■ Work request: Please restate word for word the lines of the entries below from the one with "H지수에 IT 비중이" to the one with "Nok en telttur", inclusive, and leave out every picture.

■ Data excerpts:
* * * * * * * * *
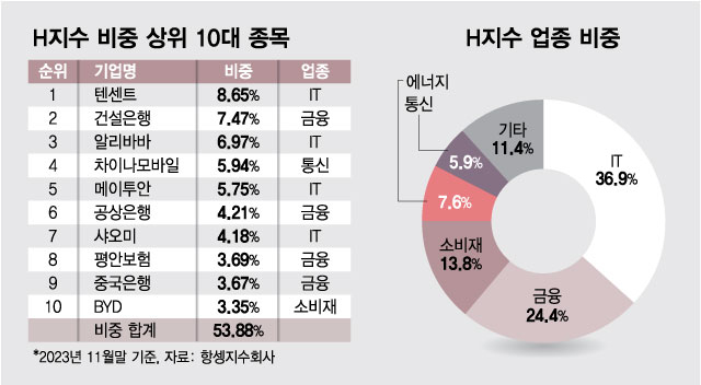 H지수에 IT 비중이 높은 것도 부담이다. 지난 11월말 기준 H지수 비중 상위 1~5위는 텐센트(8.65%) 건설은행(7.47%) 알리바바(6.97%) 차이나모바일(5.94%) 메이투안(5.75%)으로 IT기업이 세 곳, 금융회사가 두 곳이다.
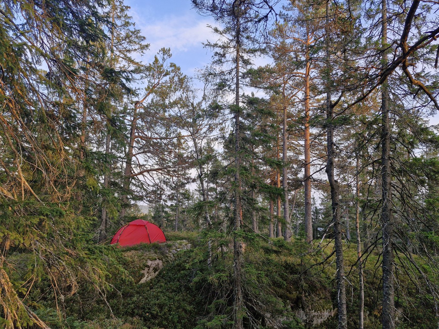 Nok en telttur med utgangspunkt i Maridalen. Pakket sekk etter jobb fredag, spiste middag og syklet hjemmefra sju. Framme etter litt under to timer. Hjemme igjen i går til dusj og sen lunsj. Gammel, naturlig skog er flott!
* * * * * * * * *
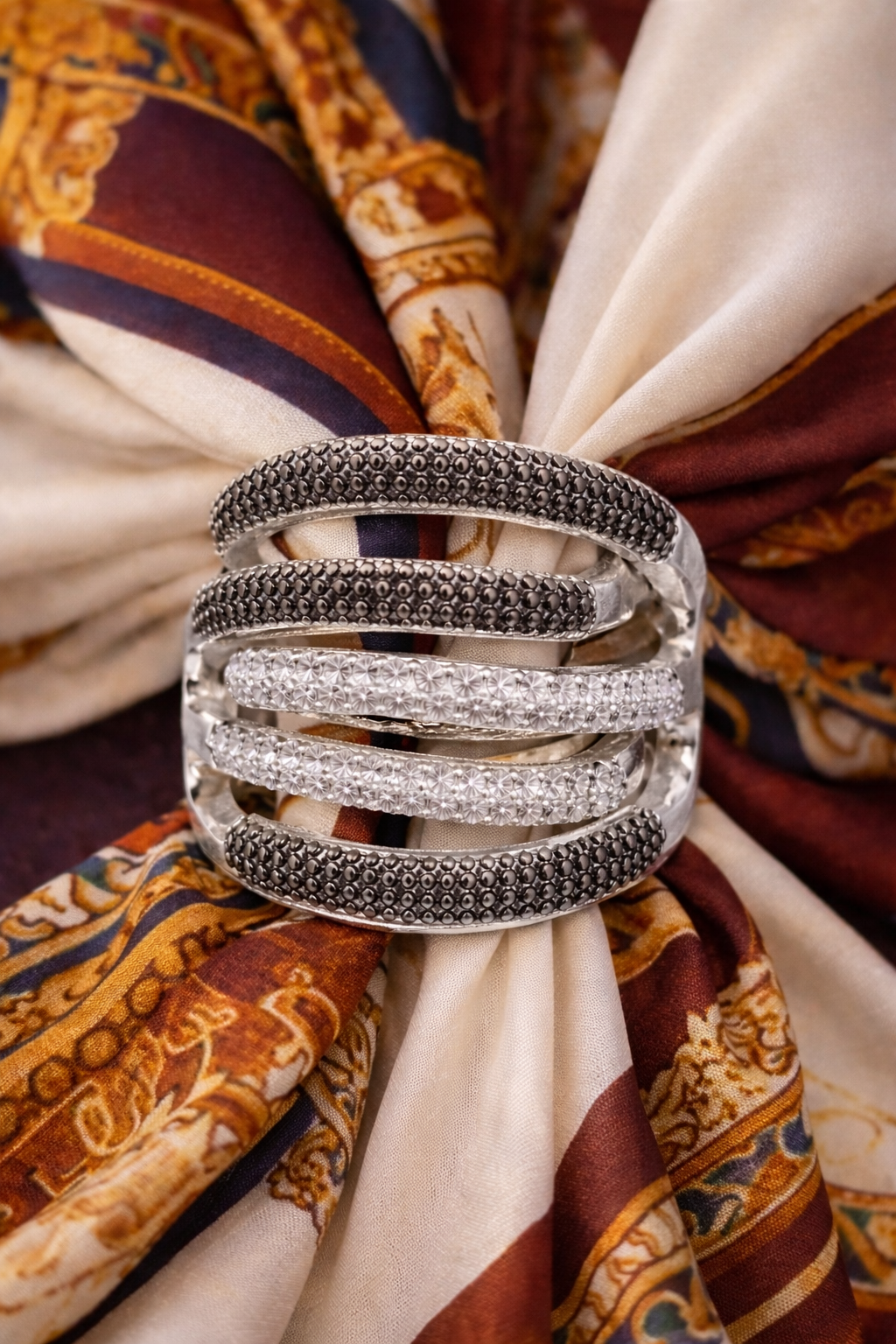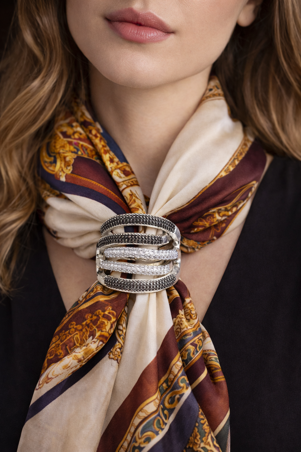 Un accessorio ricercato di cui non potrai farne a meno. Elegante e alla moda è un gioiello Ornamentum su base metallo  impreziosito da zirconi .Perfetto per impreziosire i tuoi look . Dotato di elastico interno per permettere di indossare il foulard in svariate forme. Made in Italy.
* * * * * * * * *
■ Expected answer:
 H지수에 IT 비중이 높은 것도 부담이다. 지난 11월말 기준 H지수 비중 상위 1~5위는 텐센트(8.65%) 건설은행(7.47%) 알리바바(6.97%) 차이나모바일(5.94%) 메이투안(5.75%)으로 IT기업이 세 곳, 금융회사가 두 곳이다.
 Nok en telttur med utgangspunkt i Maridalen. Pakket sekk etter jobb fredag, spiste middag og syklet hjemmefra sju. Framme etter litt under to timer. Hjemme igjen i går til dusj og sen lunsj. Gammel, naturlig skog er flott!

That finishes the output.